Current Concepts of Adult Psychic Structure

Jon K. Meyer, M.D. and Walter T. Davison, M.D.

THE CHAIRMAN BEGAN BY NOTING that Freud's last great gift to us was the structural model, which has been both serviceable and puzzling because Freud used structure to mean a variety of different things. Among these were the organization of a group of interrelated dynamically operative thoughts; the organization of psychopathological formations; the organization of the mental apparatus; the organization of the psyche; and references to the structural model. Freud repeatedly urged caution that these organizations not be taken literally though he sometimes seemed to forget that himself (if our translation can be trusted). In his final days, Freud came to view structure, along with unconscious mental processes, as one of the two fundamental hypotheses in psychoanalysis.
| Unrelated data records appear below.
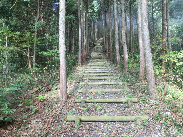ヒノキの山で、頂上までヒノキ材の段段坂です・・・長いこと長いこと^^;
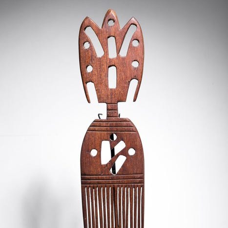 Træskulpturel lås fra Mali af Bamana-folket, også kaldet Ko, Konbalabala eller Konbarabara, i form af en firben med lang hale, 78 cm høj, 10 cm bred, 8 cm dyb, leveres med stand, i fremragende stand, fra Marshall & Caroline Mount-samlingen ( erhvervet i 1970'erne ). Klik på den blå "gå til varen" knap, for at købe eller byde på denne vare. Den samlede pris vil blive vist inden du afgiver dit bud.
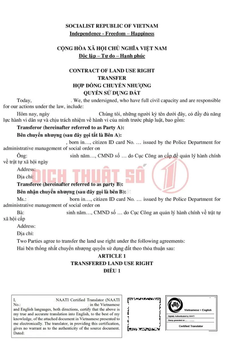 - Hợp đồng chuyển nhượng đất: Bao gồm hợp đồng mua bán, tặng cho hoặc chuyển nhượng quyền sử dụng đất giữa các bên. Dịch thuật cần đảm bảo thuật ngữ pháp lý, điều khoản hợp đồng và thông tin các bên được dịch chính xác.
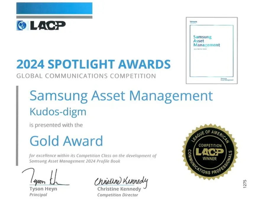 |스마트투데이=김윤진 기자| 삼성자산운용은 '2024년 삼성자산운용 프로파일북'이 미국 커뮤니케이션 연맹(LACP)이 주관하는 ‘2024 LACP 스포트라이트 어워드에서 금상을 수상했다고 12일 밝혔다.
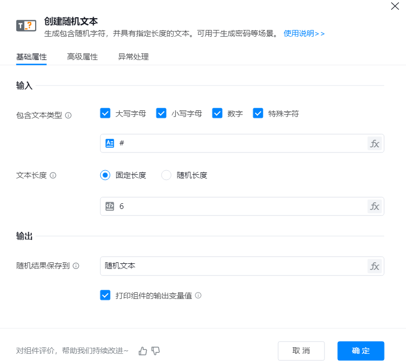 ● 随机结果保存到:将创建后的结果,输出并赋值到变量,以便在后续步骤中动态获取和使用这些信息。
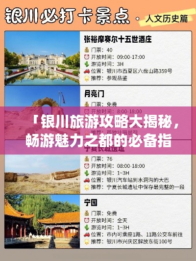 银川,这座美丽的城市,以其丰富的历史文化和壮丽的自然风光吸引着无数游客,本文将为您提供一份详尽的银川旅游攻略,带您领略这座城市的魅力。
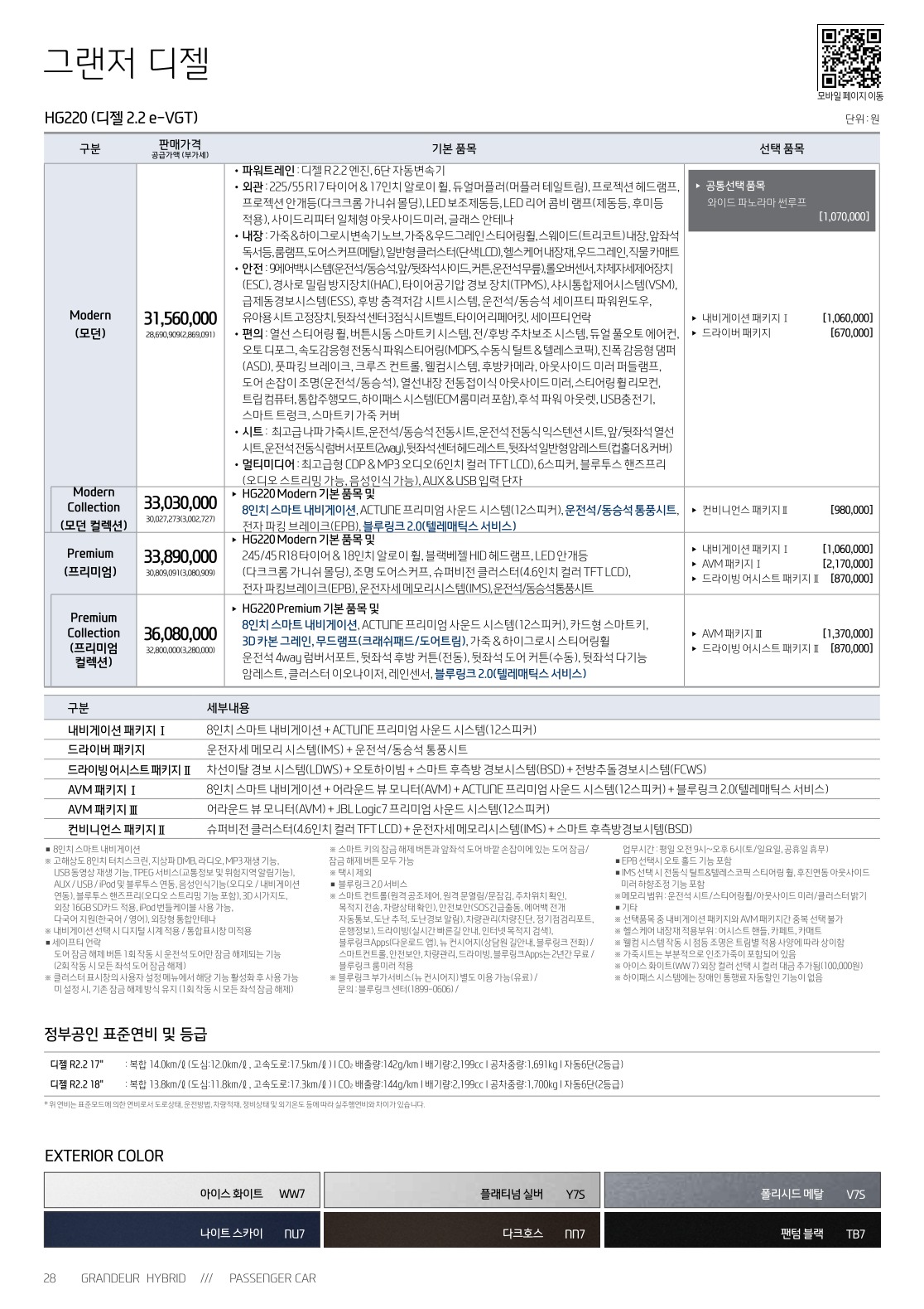 2016년 3월 그랜저 신차가격표

We must constantly struggle to maintain a sense of balance when dealing with psychoanalytic concepts rather than reify our metaphors.

Reviewing the work of H. Hartmann, E. Kris, and R. M. Loewenstein, D. Rappaport and M. M. Gill, and J. A. Arlow and C. Brenner, Meyer noted that the structural hypothesis has become the predominant model in psychoanalysis and has superseded and subsumed other metapsychological points of view.

Boesky's contribution (read by Meyer) began with the following assumptions: (1) All definitions are matters of convenience; a primary consideration in definitional matters is a rigorous assessment of the fit between definition and clinical data. (2) Psychoanalysis is a science of the mind in conflict, and definitions of structure outside of that view represent a frame of reference different from psychoanalysis. (3) Anything at all in the mind or any of its processes may be called structures so long as the advantages and disadvantages of doing so can be appraised and challenged on data gathered in the psychoanalytic clinical situation.